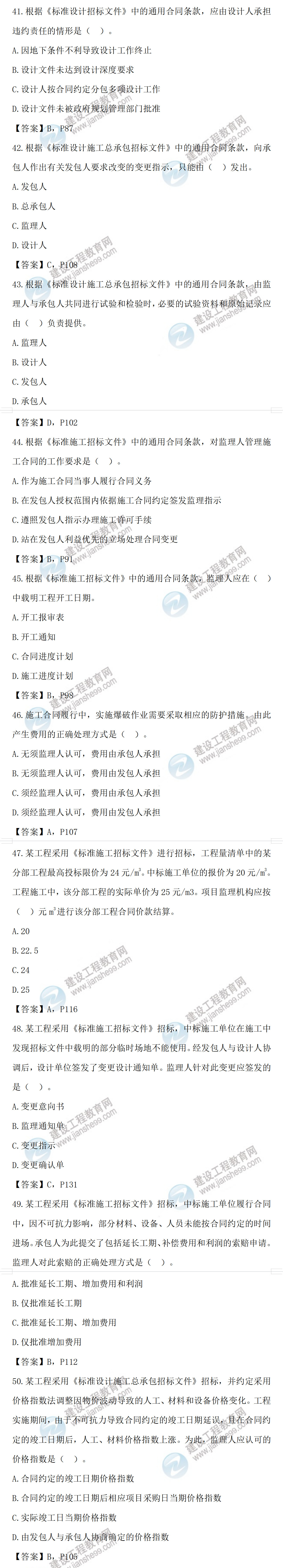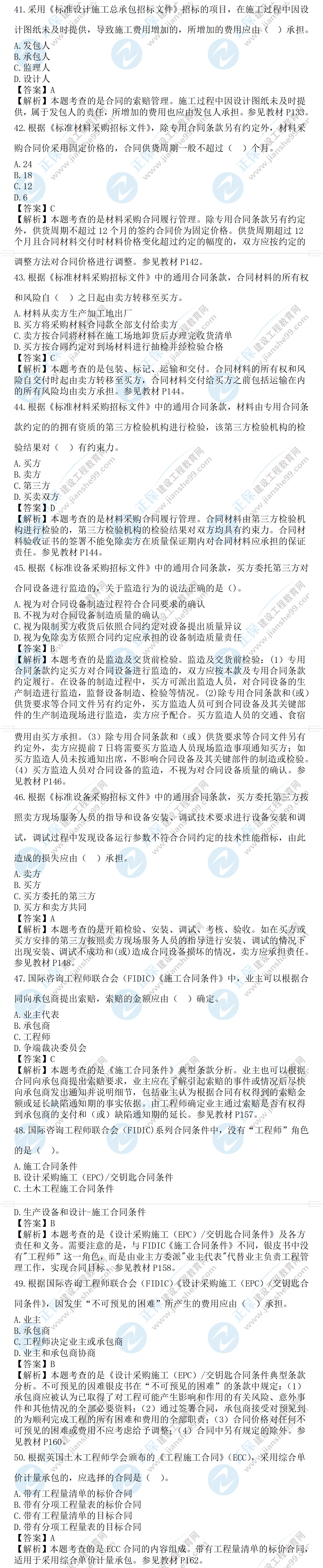 2022年監(jiān)理工程師合同管理考試及答案41-50題(補(bǔ)考)
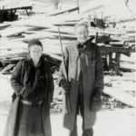 - Woman and man with gun in front of lumber. [cobb_alice_021.jpg]
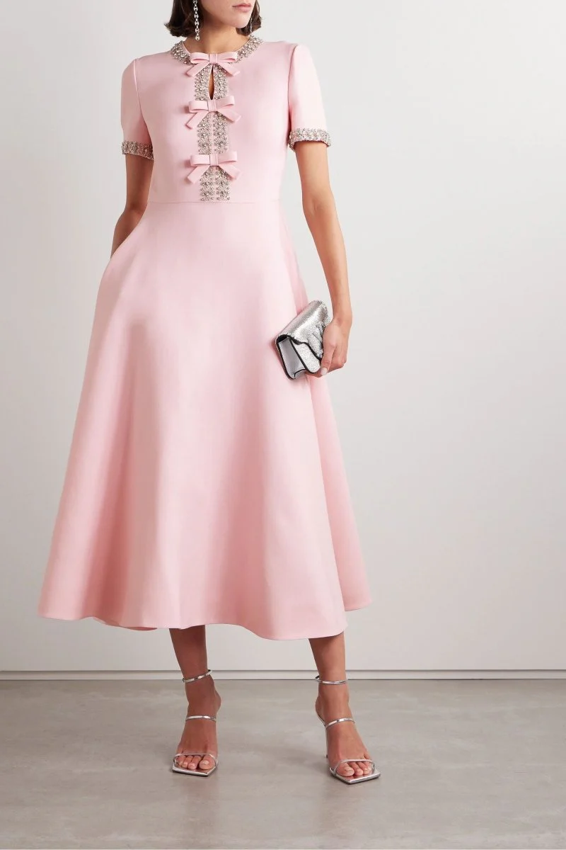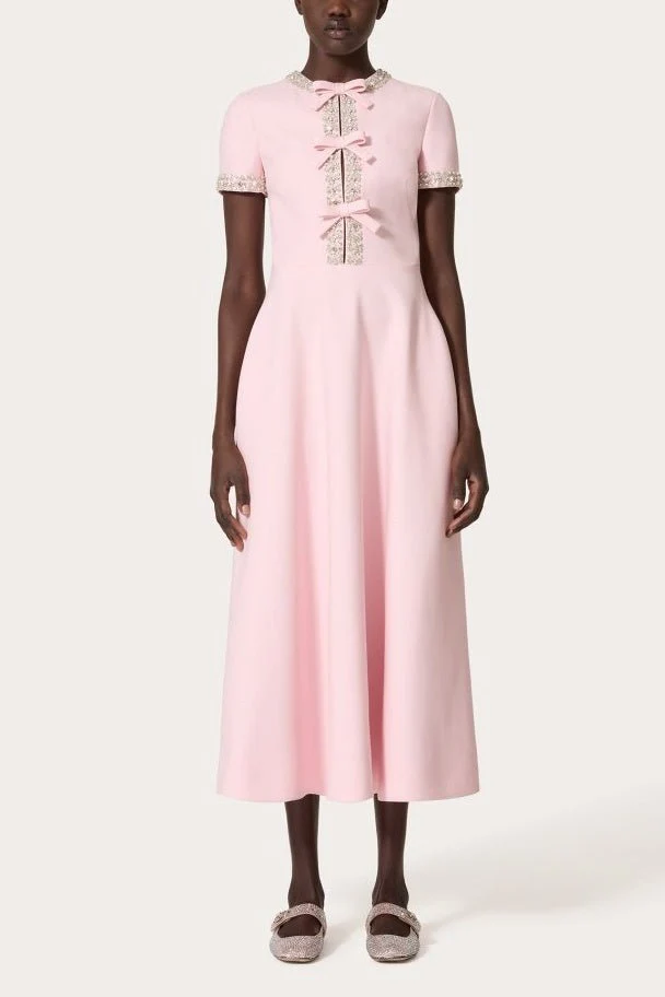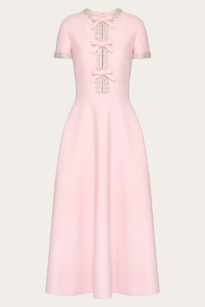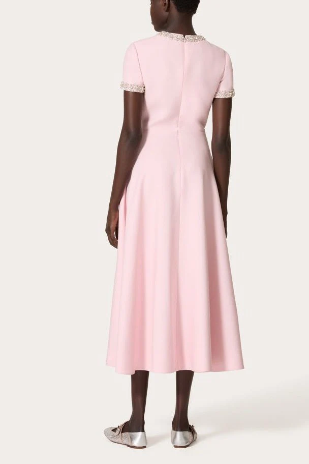 Cette robe midi rose poudré au style vintage revisité séduit par ses détails raffinés et sa coupe structurée.
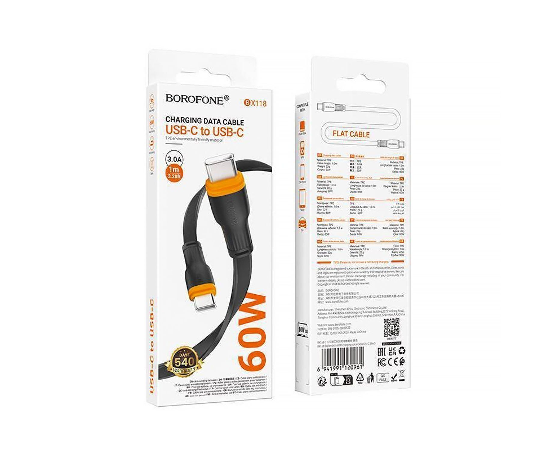 Кабель Type-C - Type-C Borofone BX118 Esplendido PD 60W 100см 3A (black) (240338)
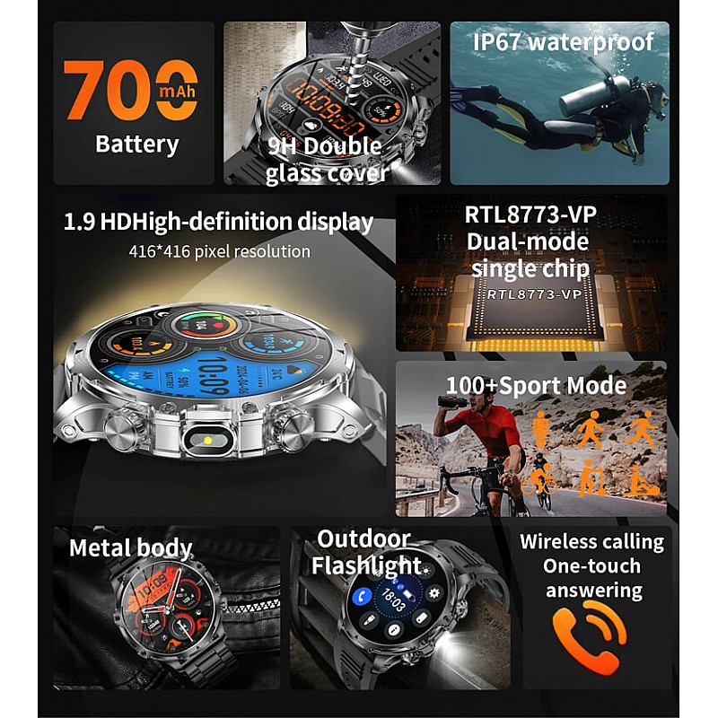 Ανακαλύψτε το απόλυτο Smartwatch AK75 που συνδυάζει στυλ και τεχνολογία! Με την εντυπωσιακή IPS LCD οθόνη 1,9" Touch Screen και ανάλυση 480x480, απολαμβάνετε κρυστάλλινη εικόνα και άμεση αλληλεπίδραση. Επιλέξτε από 100 watchfaces για να προσαρμόσετε το ρολόι στο προσωπικό σας γούστο.
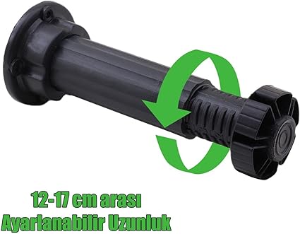 Mobilya Dolap TV Ünitesi Tezgah Ayağı Ayarlanabilir 12 cm Siyah Denge Destek Ayak 10 ADET
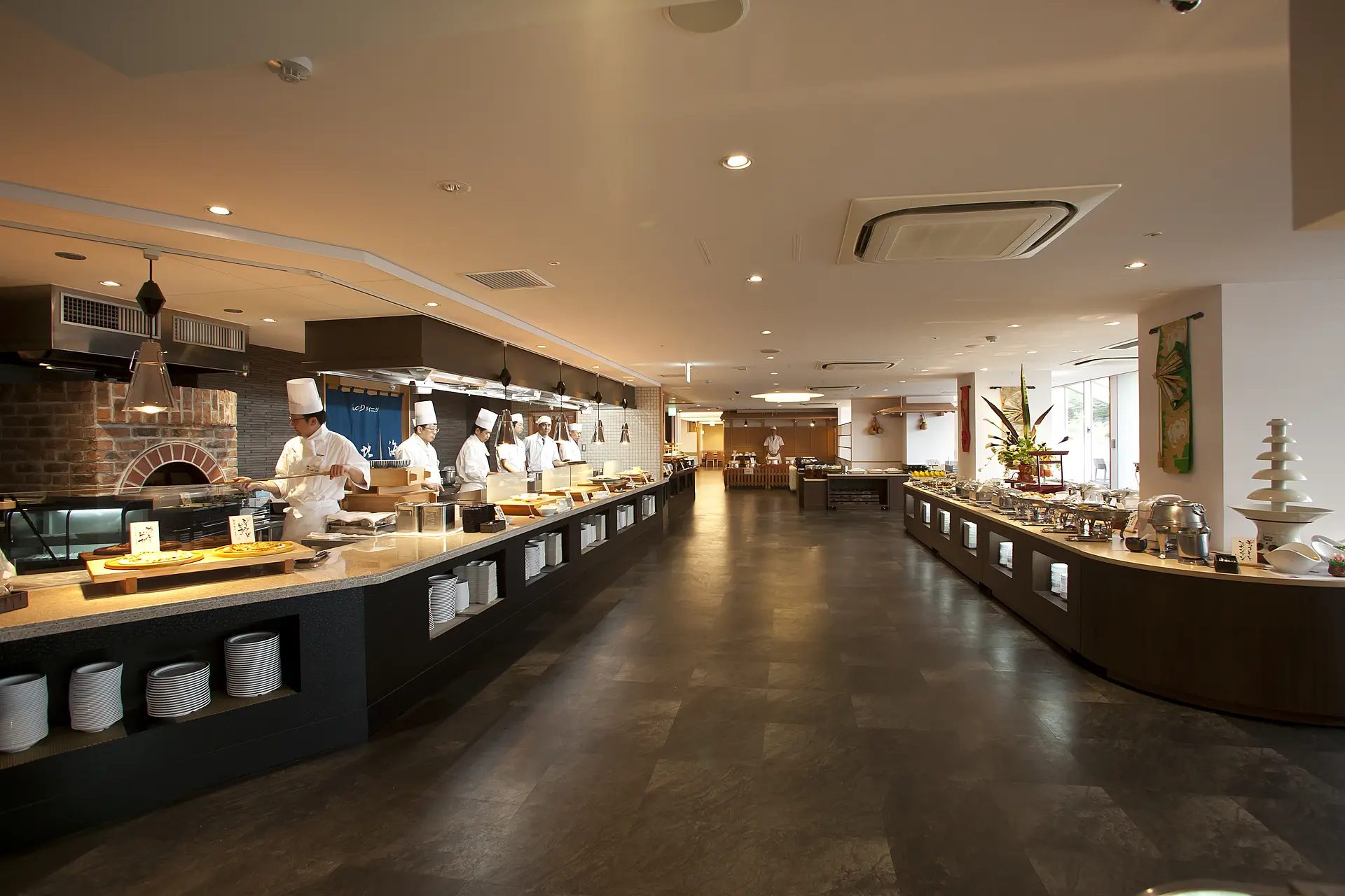 和洋さまざまなメニューが並び、料理人が豪快かつ繊細に調理する「ライブキッチン」や、炊きたてご飯を味わえる「土かまど」スペースなど、店内では目移り必至!
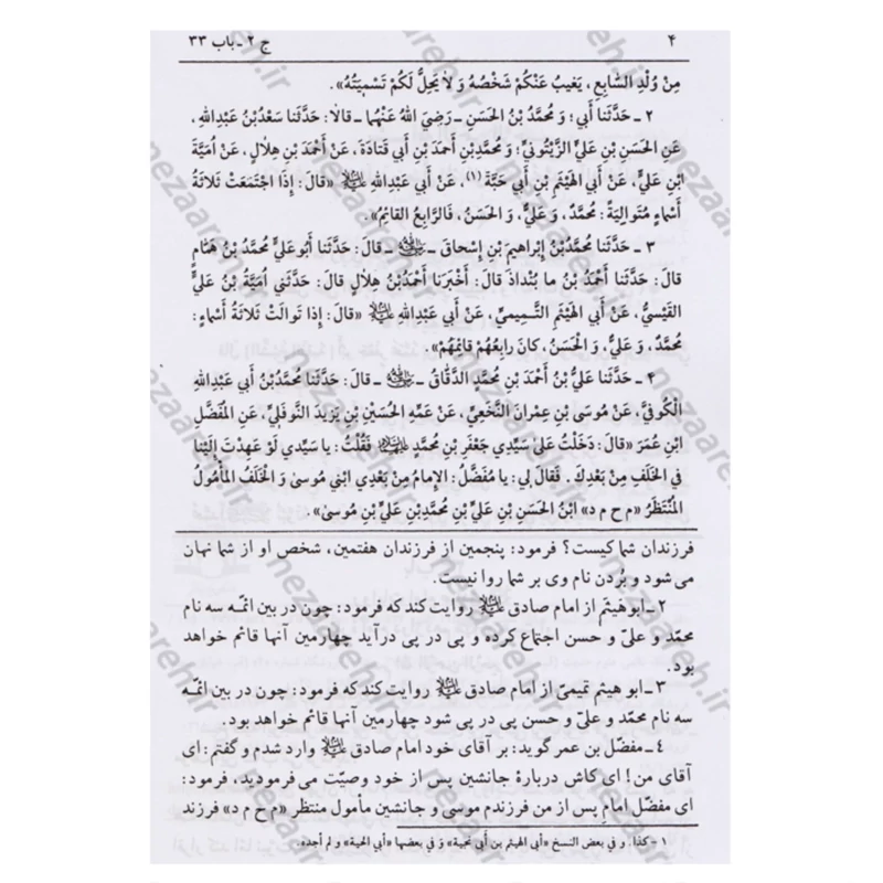 کتاب متن و ترجمه کمال الدین و تمام النعمه 2جلدی اثر شیخ صدوق مترجم منصور پهلوان
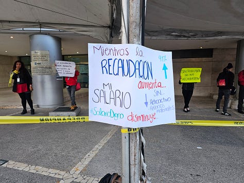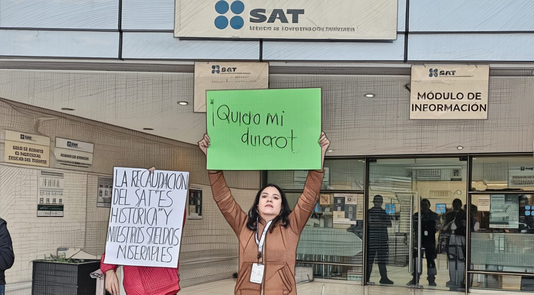 CDMX.- Este martes 14 de octubre, las oficinas del Servicio de Administración Tributaria (SAT) en Viaducto, casi esquina con Eje 3 en la Ciudad de México, amanecieron cerradas. No fue un fallo técnico ni una medida administrativa: trabajadores del organismo, hartos de promesas incumplidas, bloquearon las entradas con pancartas que gritan verdades incómodas. “¡Quiero mi dinero!”, reza un cartel verde sostenido por una empleada, mientras otro denuncia: “La recaudación del SAT es histórica y nuestros sueldos miserables”. La escena, refleja un malestar que va más allá de un simple reclamo salarial.
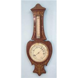 An Art Nouveau inlaid mahogany aneroid barometer with silvered barometer and thermometer dials, 2ft 10ins £250-350
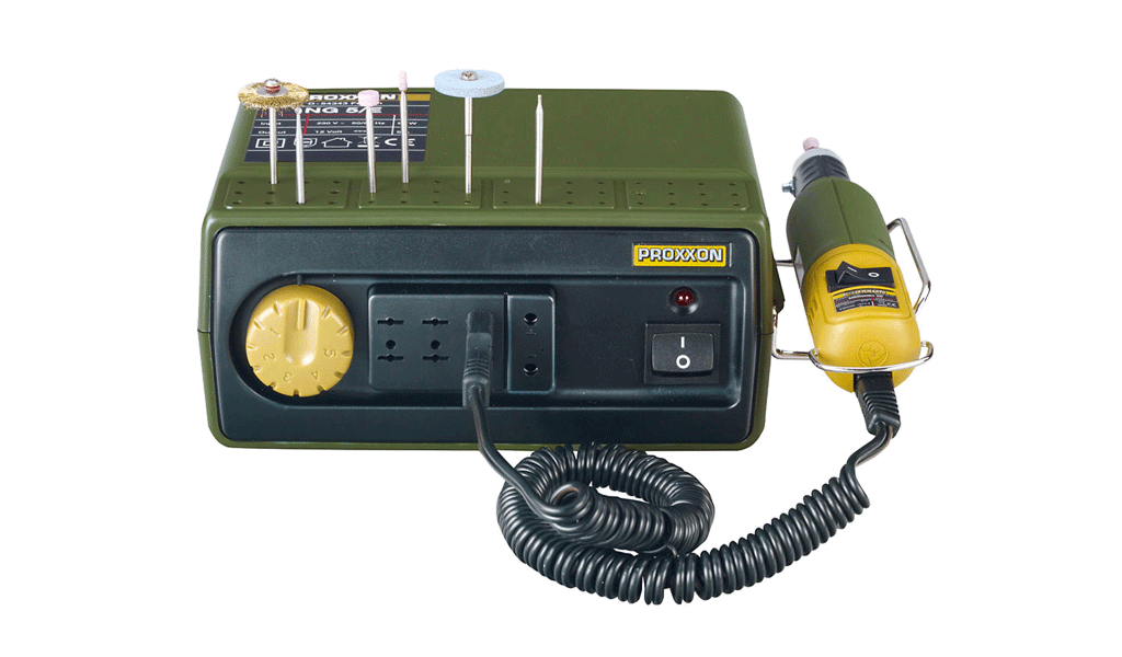 Power consumption of portable machine tools is measured according to the internationally accepted ICE-745-1 specification. The current drawn is measured, not the power consumption with a hot motor just before stalling. In practice, this condition seldom appears, if ever. All PROXXON AC adapters are suitably dimensioned for the recommended purposes.
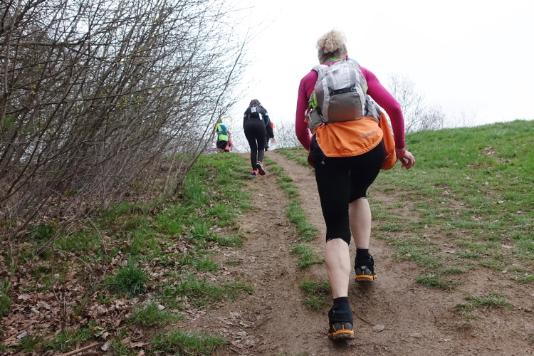 Weiter, es wird ja jetzt einfacher, meint Angelika. Leider kann ich ihr da nicht zustimmen. Laut meiner Marschtabelle kommt die nächste Verpflegungsstelle zwar nach knapp 11 Kilometern, aber es liegen auch fünf Anstiege mit 280 Höhenmetern dazwischen.

> What is needed
Reproduce exactly the lines above starting at the line containing "Кабель Type-C - Type-C" and ending at the line containing "An Art Nouveau", including both, but not the pictures.

> Exercise response
 Кабель Type-C - Type-C Borofone BX118 Esplendido PD 60W 100см 3A (black) (240338)
 Ανακαλύψτε το απόλυτο Smartwatch AK75 που συνδυάζει στυλ και τεχνολογία! Με την εντυπωσιακή IPS LCD οθόνη 1,9" Touch Screen και ανάλυση 480x480, απολαμβάνετε κρυστάλλινη εικόνα και άμεση αλληλεπίδραση. Επιλέξτε από 100 watchfaces για να προσαρμόσετε το ρολόι στο προσωπικό σας γούστο.
 Mobilya Dolap TV Ünitesi Tezgah Ayağı Ayarlanabilir 12 cm Siyah Denge Destek Ayak 10 ADET
 和洋さまざまなメニューが並び、料理人が豪快かつ繊細に調理する「ライブキッチン」や、炊きたてご飯を味わえる「土かまど」スペースなど、店内では目移り必至!
 کتاب متن و ترجمه کمال الدین و تمام النعمه 2جلدی اثر شیخ صدوق مترجم منصور پهلوان
 CDMX.- Este martes 14 de octubre, las oficinas del Servicio de Administración Tributaria (SAT) en Viaducto, casi esquina con Eje 3 en la Ciudad de México, amanecieron cerradas. No fue un fallo técnico ni una medida administrativa: trabajadores del organismo, hartos de promesas incumplidas, bloquearon las entradas con pancartas que gritan verdades incómodas. “¡Quiero mi dinero!”, reza un cartel verde sostenido por una empleada, mientras otro denuncia: “La recaudación del SAT es histórica y nuestros sueldos miserables”. La escena, refleja un malestar que va más allá de un simple reclamo salarial.
 An Art Nouveau inlaid mahogany aneroid barometer with silvered barometer and thermometer dials, 2ft 10ins £250-350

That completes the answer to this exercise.